I suppose it matters only too me… really,  but I know I am meant to be, and do, so much more than I have up to this point in life.

It’s not that I have not served purpose up to this point. I have given birth to seven wonderful unique children, no eight but my mother stopped the first one from entering my life. She did not do this for any reason other than ignorance, fear of the future and a limited mind when it came to the possibility that God does not create mistakes only Blessings and He had possabilities for that child too.

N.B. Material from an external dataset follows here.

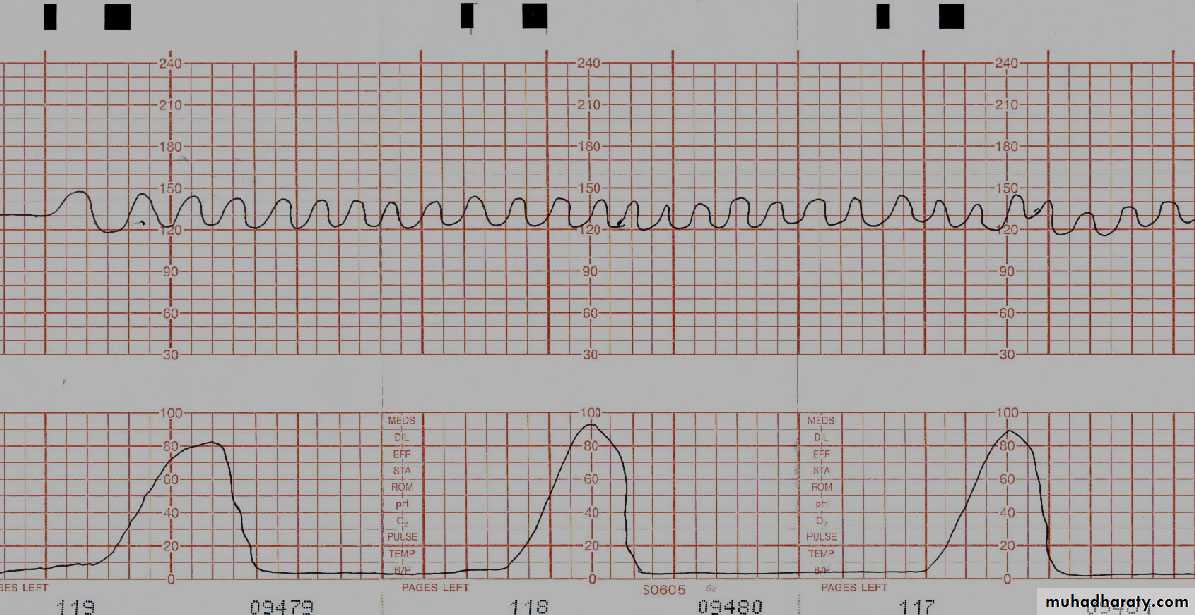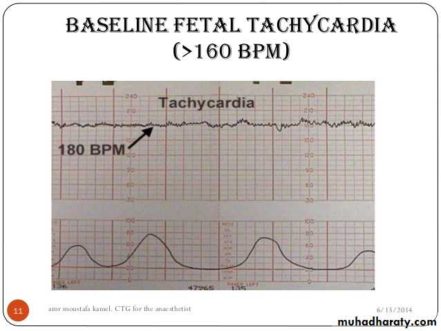This is the mean level of the most horizontal FHR segments and expressed in beats per minute (bpm). Normal baseline between 110-160 bpm.►Tachycardia:

Oh but to dwell on what cannot be changed, has been and is no longer, is a futile and useless waste of my present.

Yet that is exactly what I need to do, to a point, in order to figure out what it is I am missing. What am I made up of…? Whose genes reside in me now from past generations? What is their part in their existence within me?  Of course it is kind of silly and redundant as I will never know for sure now, will I?

I love music to the depths of my soul. My heart , mind, and brain, sings within and hums all day , every day and always has. It is the music of me, or is it? Could it be the music of someone long ago? Maybe it has already been written or maybe never allowed out past the inner makings of it …like I do?  Give me a beat, and my heart creates a melody, give me a melody, and my mind creates the words (almost always in praise to my Lord). I hear music in a river, the wind, nature. I hear percussion in everything from walking, to busy streets, to rain. Where does it come from? Undoubtably the Lord, but there has always been an inner knowing that it comes from the depths of my inner core, which HE also created. What does that mean? I just wrote it, but it is another of my thoughts that eludes an answer. I know He creates us with gifts and talents to be used for His Glory.

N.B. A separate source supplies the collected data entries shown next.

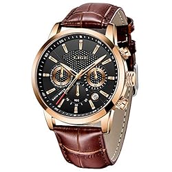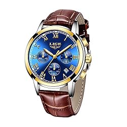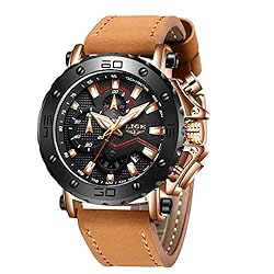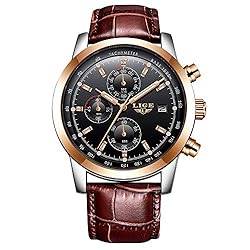 LIGE Reloj para Hombre Elegante Resistente al Agua con Movimiento de Cuarzo Analógico Cronógrafo Relojes Deportivos Informales de Cuero Correa Marrón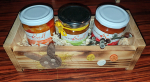 Selbst gebaute Kistal mit Kürbis Salat, Kürbis Chutney und Kürbis Marmelade zu je 212 ml.
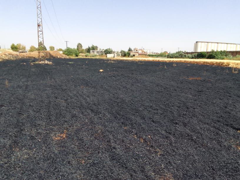 إخماد حريق على امتداد 25 دونم بمحاصيل زراعية في منطقة القصير بريف حمص الجنوبي الغربي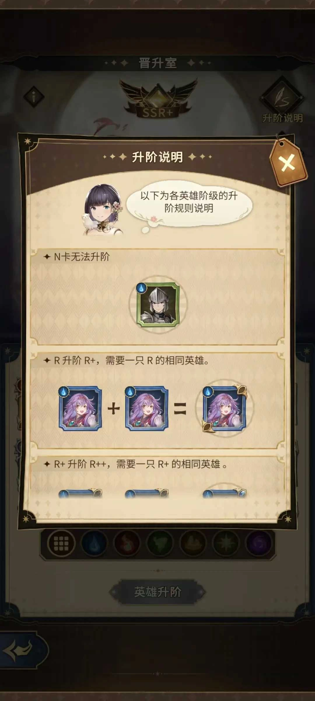 为了防止冒险家们手滑将高阶英雄消耗掉,SSR阶级的英雄只能通过冒险者手动升阶,无法使用[一键升阶]执行升阶哦~
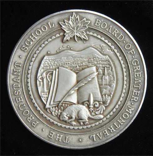 The Protestant School Board of Greater Montreal - AR 56mm (81gr). Engraved "Mildred/Moroff/Mount Royal/High School/June 1962". A few heavy scratches on obv. EF.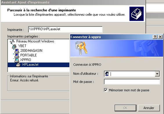 privilèges) mais d'utiliser l'imprimante sur cet ordinateur?".
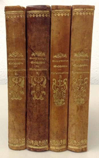 Geschichte der Reformation in Europa zu den Zeiten Calvin's. 4 Bände. Elberfeld, Friderichs, 1863-66. Halbleder d. Zeit mit Rückenvergoldung (etwas berieben, Ecken bestoßen). Erste rechtmäßige deutsche Ausgabe. Der Schweizer Historiker hörte in Berlin die Vorlesungen Meanders u. verbrachte 5 Jahre als Pastor der französischen Kirche in Hamburg, bevor er endgültig nach Genf zurückkehrte. - Fromm IV, 17519. - Etwas gebräunt u. teilw. stockfleckig.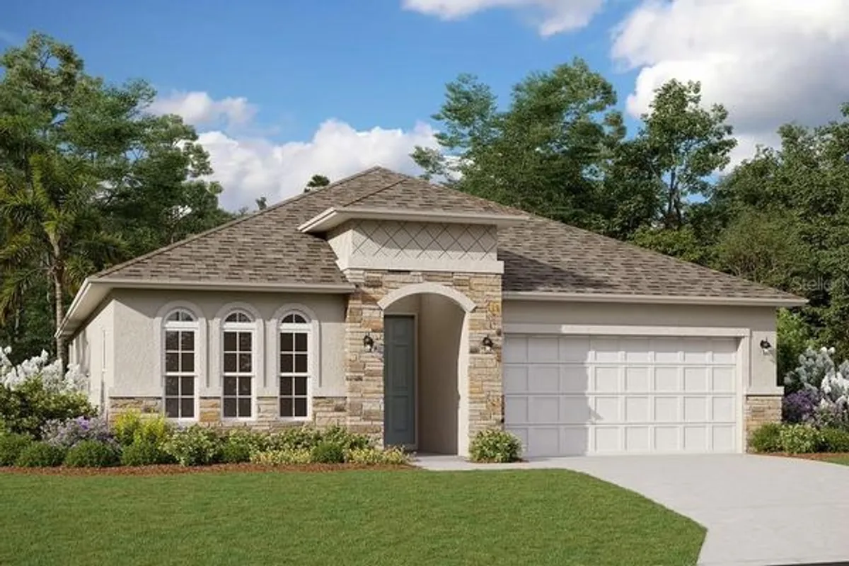 Under Construction. One or more photo(s) has been virtually staged. Welcome to the Mulberry C with Stone Elevation, a 1,938 sq. ft. single-story home in the 55+ community of Heritage: The Cottages of Sanders Grove in Okahumpka. This thoughtfully designed residence features 4 bedrooms, 2.5 bathrooms, and a 2-car garage. The open layout showcases upgraded luxury vinyl plank flooring throughout the main living areas, as well as the bathrooms and carpet in the bedrooms for added comfort. The kitchen offers 42” Harbor cabinets and quartz countertops, blending style and functionality. A covered lanai provides the perfect space to relax or entertain outdoors.Enjoy a peaceful, active-adult setting with convenient access to shopping, dining, and major roadways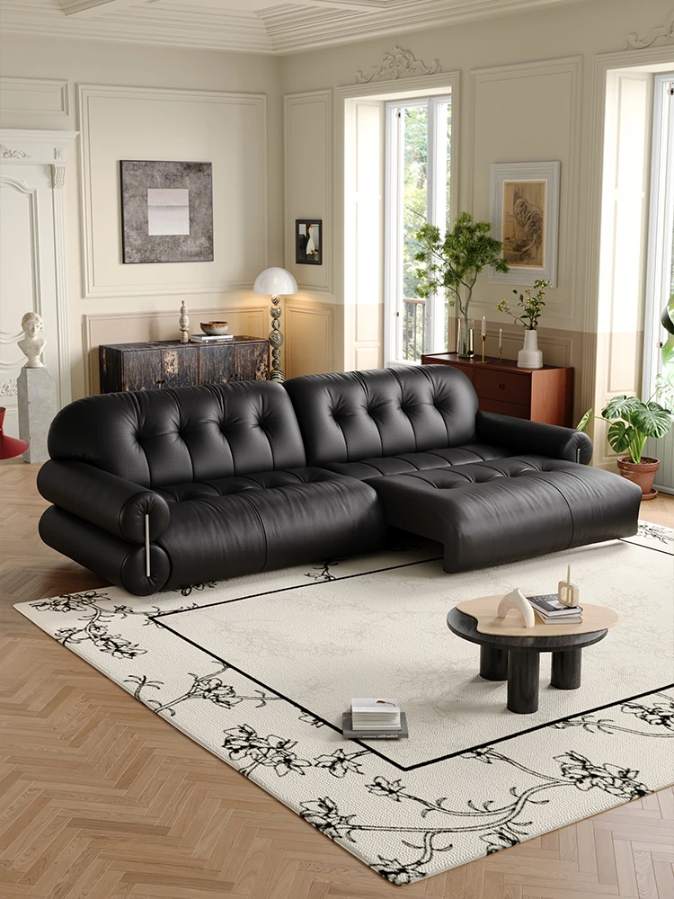 フランス風レトロデザインのハイバックブラックシュガークラウドリビングソファ|イタリア製本革使用|小型スペースにもぴったりなストレートタイプのミッドセンチュリーソファで、洗練されたインテリアを実現!

Writing… another of my passions. I can never get enough. Oh… that I could write all day and have no need of income to pay the bills. Better yet write and receive enough income to pay the bills. But I can only write what is true and heartfelt to me. I have no time for fantasy writing or the reading of it. Life is to short to waste my present on something that throws away the precious commodity of time.

I am presently taking a course on copywriting for the purpose of earning income. I am not sure how this is going to work as I could only write what I know is true. Therefore I must find things to promote that I fully agree with as being the most superior, for the friends that I am promoting them to…

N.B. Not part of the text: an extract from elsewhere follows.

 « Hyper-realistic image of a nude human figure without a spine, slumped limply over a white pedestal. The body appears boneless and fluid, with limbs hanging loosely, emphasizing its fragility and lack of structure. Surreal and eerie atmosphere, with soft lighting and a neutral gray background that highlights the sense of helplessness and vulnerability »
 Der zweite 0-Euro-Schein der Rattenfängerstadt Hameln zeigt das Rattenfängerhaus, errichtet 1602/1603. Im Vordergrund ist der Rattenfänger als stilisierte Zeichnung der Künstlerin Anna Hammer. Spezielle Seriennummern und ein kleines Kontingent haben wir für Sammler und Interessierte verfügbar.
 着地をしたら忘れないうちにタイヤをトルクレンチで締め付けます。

Is there even jobs within this writing that I will find? For some odd reason I intuitivly believe there not only is, but that there are many.  I also feel strongly that I will excel at what I am doing. Hmmm… is this a message from the past? An insight from the Lord ? Both?

It is hard taking the course, as it is all about “how to sell anybody, anything. But I know, “that” will not be how I use it, and I have an odd peace within as I learn. I see my writing future within the copywriting aspect as becoming a breakthrough. But I have no idea how that would play out yet. These of course, are my thoughts… am I trying to convince myself by writing them? Maybe.

Nov 5/17

CMJordan

ok, what do I call this? Day 1-a? I walked away from my computer, had a couple mouthfuls of coffee and wham!@&*# the thoughts started racing a hundred miles an hour so guess what,  I’m back…lol

At least 5 minutes have passed since I signed off the last entry.

I have decided I am going to post my writings on my website. GULP! After all it is called “Reflections of Life” and that’s what these are. Who knows if anyone will read them, it’s not an advertised site, just my little outlet. But that’s ok, cause I don’t care if any one reads them, or likes them, or agrees with them,… they are mine.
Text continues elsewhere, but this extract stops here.